▶ TRY IT
Word for word, copy the listing below and leave out its images.

▶ DATASET SECTION
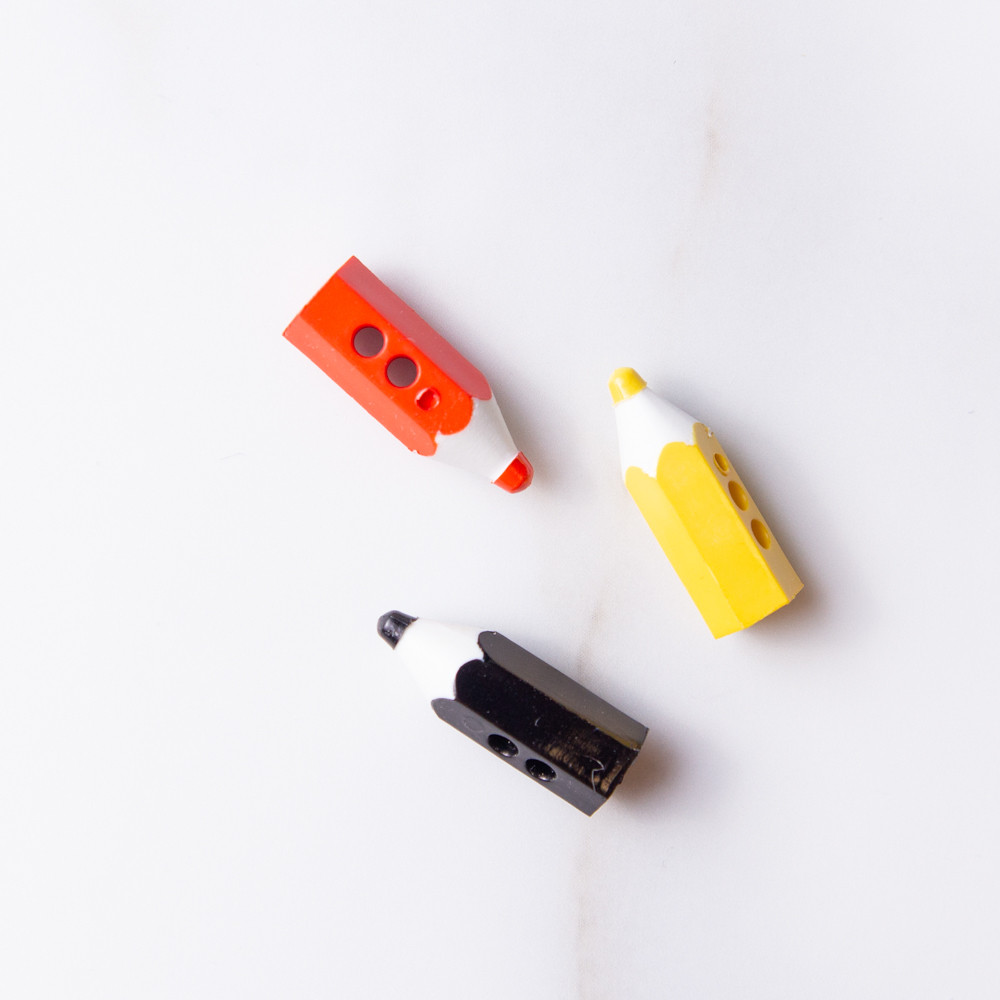 Cute mini pencil buttons with two holes.
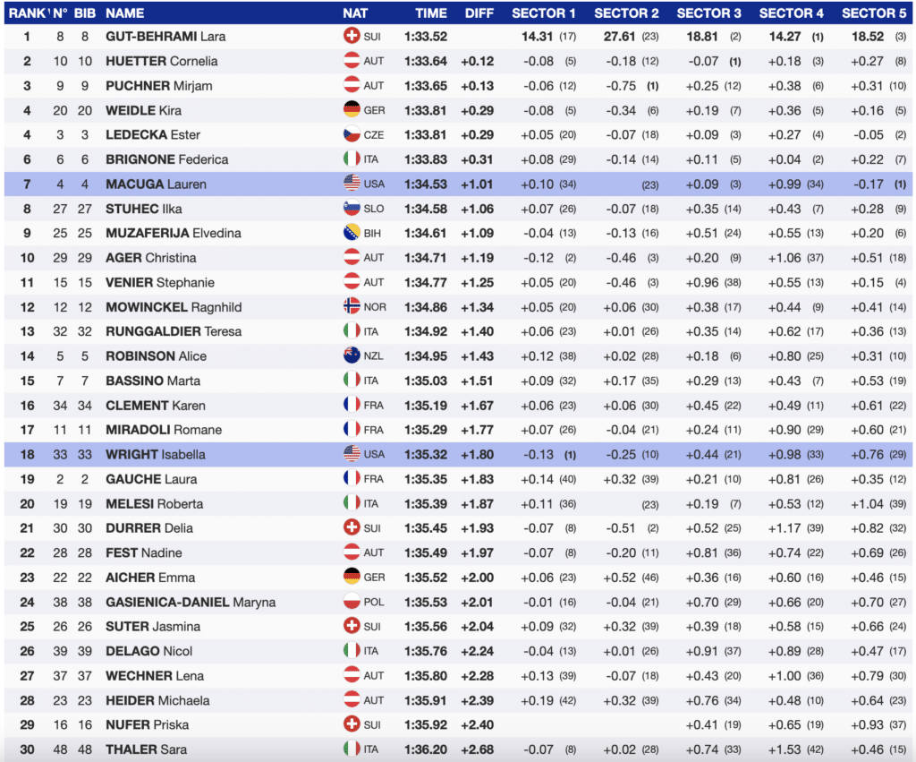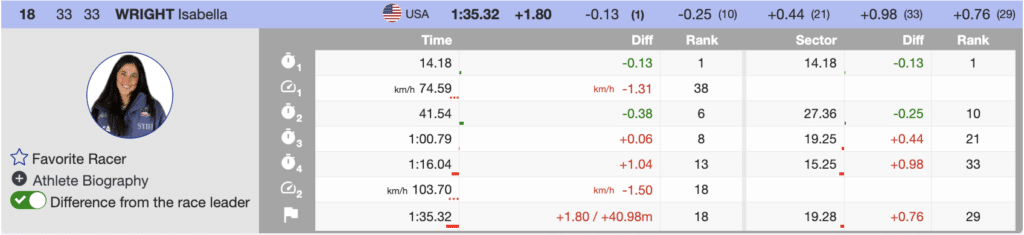 Her teammate, Isabella Wright, came out of the start gate attacking. She had the fastest two starting intervals, but her intervals widened from Gut-Behrami’s lead in the mid-section of the course. Unfortunately, she lost more time in the last gliding sections. She finished the day in 18th place.
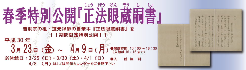春季特別公開「正法眼蔵嗣書」2018.3.23~4.9

▶ EXERCISE OUTPUT
 Cute mini pencil buttons with two holes.
 Her teammate, Isabella Wright, came out of the start gate attacking. She had the fastest two starting intervals, but her intervals widened from Gut-Behrami’s lead in the mid-section of the course. Unfortunately, she lost more time in the last gliding sections. She finished the day in 18th place.
春季特別公開「正法眼蔵嗣書」2018.3.23~4.9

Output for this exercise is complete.